First World War. A more or less forgotten front: in the Italian Alps
and Austrian troops face each other. The Italian general Leone orders his
men to storm the heavily defended Austrian lines without proper artillery
support. They are butchered. Discontent finally leads to a
This is a very dark movie that in a very moving way describes war in its utter absurdity. I consider it a great movie.
*** This review may contain spoilers ***
"Many Wars Ago" (1970) Dir: Francesco Rosi
The First World War has been the subject of countless works of art in the last ninety years, and with good reason. It's the conflict we remember from our studies as the most needless of all: years of reckless leadership, territorial stalemates and extremely high casualties, all reverberations from a single political assassination in Sarajevo. If ever there was a true story that could be used to illustrate the horrors of war and the societal implications of diplomatic one-upmanship, the Great War was it. It was a conflict without ideologies, where millions died simply because they felt obliged to represent their country. With this film, Francesco Rosi addresses the fundamental foolishness of blind obedience in the bluntest way he can. We are not shown the characters' civilian lives, nor are we privy to their hopes and dreams. There is very little psychology explored either, and no moments of empathy for the enemy. "Many Wars Ago" is almost devoid of humanity; the soldiers we follow simply trudge onwards, advancing and retreating, abandoning vantage points only to reclaim them the next day. In this way, it is a pure war movie because it excludes all but the faltering military machines and the devastation they cause across forgotten fronts.
The film focuses on the futile actions of an Italian division in the Balkans. There are many slow shots of the dirtied infantry marching onward into the mist, then we cut to an Austrian ambush or an Italian offensive at varying times of day. Some are over hills, some in the forests. General Leone is in charge and seems eerily invincible as well as violently mad. His patriotism is the only excuse necessary for putting thousands of men in unnecessary danger (even in the context of a difficult open combat situation), and sending many to their deaths for cowardice, insubordination or mere clumsiness. Two lieutenants are the closest the audience will get to traditional protagonists, and they are compellingly played as downtrodden and pragmatic. They are never passionate because the war has sucked it out of them, they only try to make the best of Leone's wild commands and save as many lives as possible.
There is rarely respite in the bleak delivery of this material. It makes war seem utterly wretched and that's exactly what it's supposed to, for which Rosi should be commended. It is a serious war movie free of sentimentalism and cliché, although it may be too clinical for some viewers.
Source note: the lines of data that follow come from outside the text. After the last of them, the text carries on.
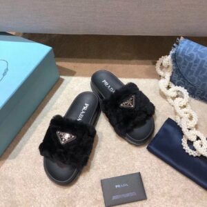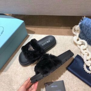 For a cosy poolside aesthetic, opt for Prada’s black slides. Made in Italy with quilted shearling straps. they’re accented with the label’s triangular emblem logo and are set on chunky rubber soles.
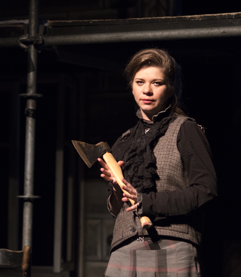 Новый персонаж, созданный театром — неистовая, полубезумная проводник-Лектор (Юлия Гришаева) с томиком Достоевского, средоточие боли и ярости. Одна рука у неё короче другой, и она демонстрирует, как легко можно оступиться, когда вокруг сплошь цирк уродов — несмотря на то, что каждый человек тянется к свету, тьма всегда рядом. И вот уже маленькая беспомощная ручонка внезапно удлиняется и становится неуправляемой… тянется к топору… «Я не хотела…»
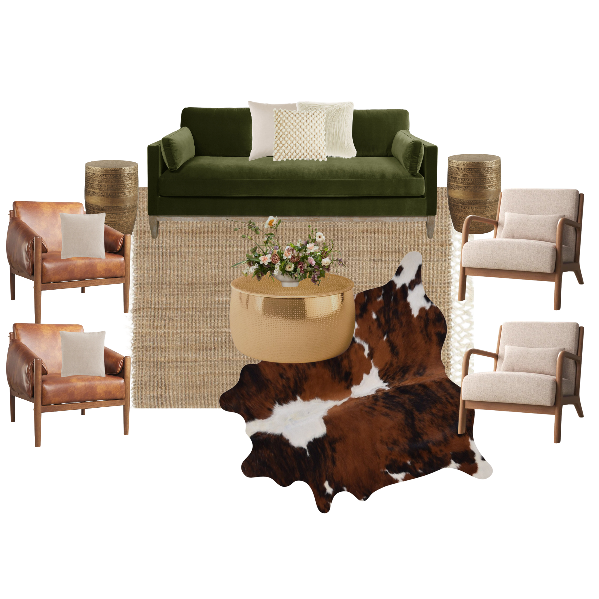 Description: Elevate your event with the 'Teocalli Lounge' package. Featuring a lush emerald green velvet sofa, warm leather armchairs, and chic wood-accented fabric chairs, this setup exudes timeless elegance with a modern twist. A natural jute rug layered with a statement cowhide adds texture, while the hammered gold coffee table and matching metallic accents bring a touch of luxury. Perfect for mountain-inspired weddings or outdoor gatherings, the Teocalli Lounge combines rugged charm with refined sophistication, offering your guests a cozy and stylish space to mingle.
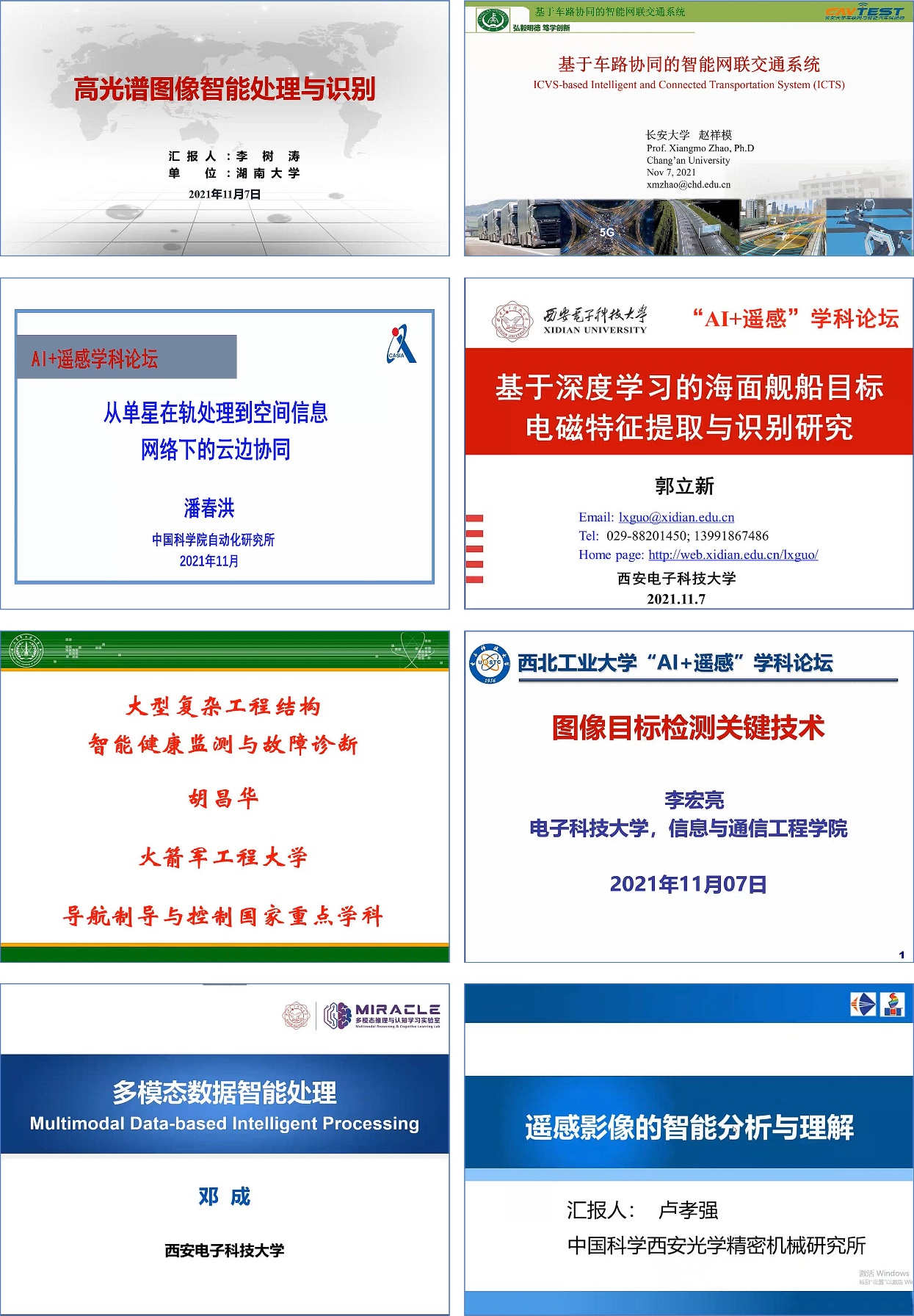 湖南大学李树涛教授分享了高光谱图像智能处理与识别的相关研究,长安大学赵祥模教授介绍了基于车路协同的智能网联交通系统,中国科学院自动化研究所潘春洪研究员分享了从单星在轨处理到空间信息网络下的云边协同,西安电子科技大学郭立新教授介绍了基于深度学习的海面舰船目标电磁特征提取与识别研究,火箭军工程大学胡昌华教授分享了大型复杂工程结构智能健康监测与故障诊断,电子科技大学李宏亮教授分享了图像目标检测技术,西安电子科技大学邓成教授分享了多模态数据的认知与推理,中国科学院西安光学精密机械研究所卢孝强研究员报告了遥感影像的智能分析与理解,巨乳做爱
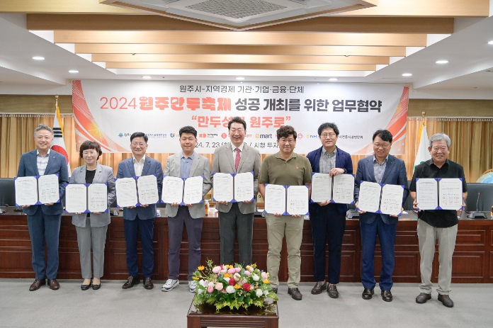 [뉴스서울] 원주시는 이달 23일 오전 9시 시청 7층 투자상담실에서 지역경제 8개 기관·기업·금융·단체와 ‘2024 원주만두축제’ 성공 개최를 위한 업무협약을 체결했다.
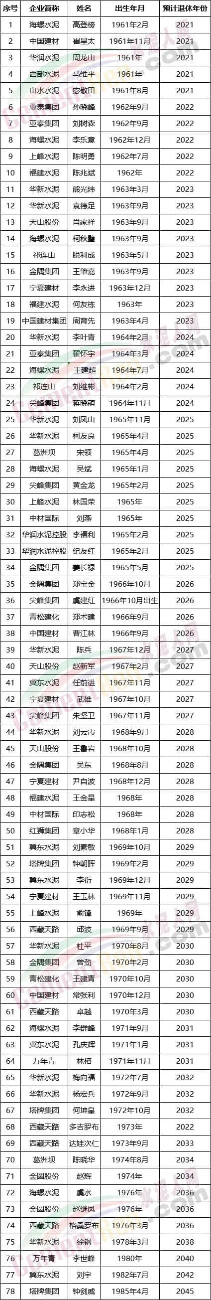 據(jù)水泥人網(wǎng)不完全統(tǒng)計78位上市企業(yè)高管中有34位將于5年內(nèi)到退休年齡。其中海螺水泥總工李樂意2022年到退休年齡,祁連山水泥董事長脫利成、華新水泥南部事業(yè)部總裁熊光煒、湖北西部事業(yè)部總裁袁德足、天山股份肖家祥、海螺水泥柯秋璧2023年到退休年齡, 華新水泥總裁李葉青、尖峰集團董事長蔣曉萌、海螺水泥副董事長王建超、亞泰集團翟懷宇、祁連山水泥總裁劉繼彬2024年到退休年齡... ...
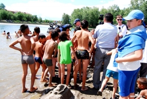 Начальник поисково-спасательного подразделения Тувинского поисково-спасательного отряда МЧС России Семен Рубцов и спасатель Кузел Кара-Сал продемонстрировали как работает водолаз, рассказали чем он экипирован. По словам Рубцова, до открытия пляжа водолазы обследовали дно протоки и не обнаружили неровностей и предметов, которые могли бы травмировать плавающих. Рубцов сообщил, что во время всего купального сезона на пляже будут работать два спасателя, один будет патрулировать водную гладь с лодки, другой – береговую зону с наблюдательной вышки.
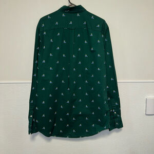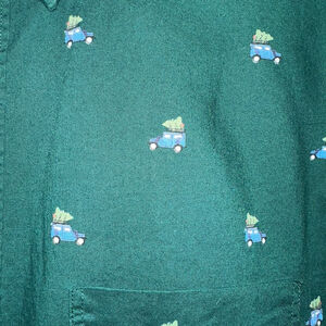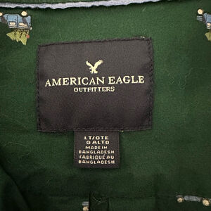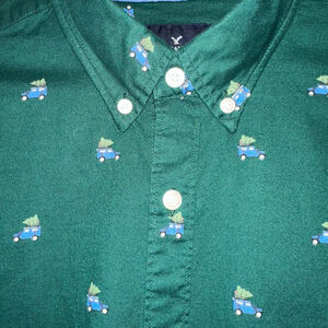 American Eagle Men’s Top Button Down Large Tall Green Car Christmas Long Sleeve
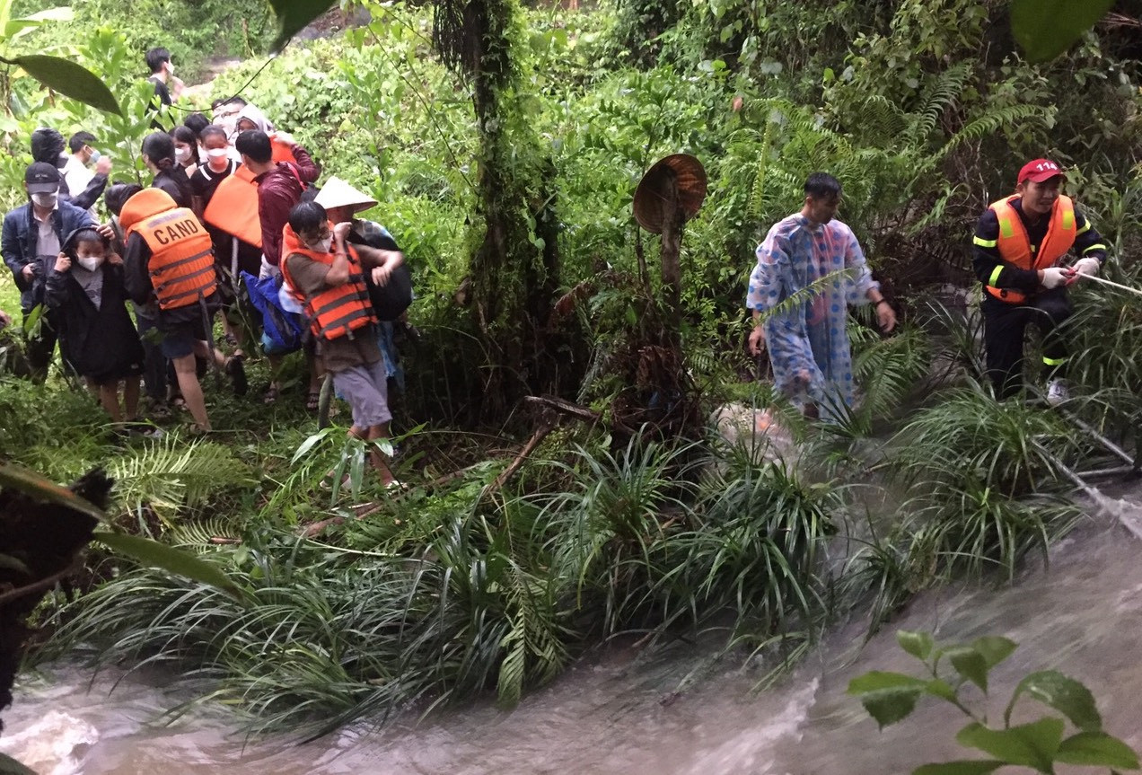 Theo đó, khoảng 16h cùng ngày, lực lượng chức năng nhận được thông báo, nhóm học sinh gồm 23 em đang đi du lịch thì bị mắc kẹt bên suối Tiên thuộc xã Quế Hiệp (huyện Quế Sơn, tỉnh Quảng Nam). Thời điểm này trời mưa lớn, nước từ thượng nguồn đổ về chảy xiết, dâng cao...

In the eyes of Lieutenants Ottolenghi and Sassu we can see a back story that most directors would be happy to include if only in a monologue or a brief, stilted conversation, but not here. Rosi gives us nothing in the way of emotional reference points - these soldiers are young but weathered, and we can only guess at what made them this way.
Two especially decent scenes should be mentioned: one in which we see the soldiers showing Leiutenant Sassu that the Austrian snipers have their guns aimed precisely to fire through a tiny metal shutter in the Italian defensive wall, and another at the end of the movie where Leone discovers that Sassu has fought in all of his conflicts without being wounded. Both of these scenes cleverly exemplify the edgy, near-mutinous condition of the ailing Italian forces at this point in the war. They are debilitated and disillusioned, the pointlessness of it all is staring them in the face, and the audience has no idea how their movements affect the bigger picture of the Balkan front, or the rest of the war, at all. This may be the film's most skilfully communicated concept - there is no sense of scale, no back story, only mountains and cavalry and suicidal charges and endless mist, mutiny and strafing gunfire. That's why this is one of the darkest Great War movies ever made. Rosi tells us that his beginning is not a beginning, that his end is not an end, and that the machine of war pushes onward through the ever-developing chaos.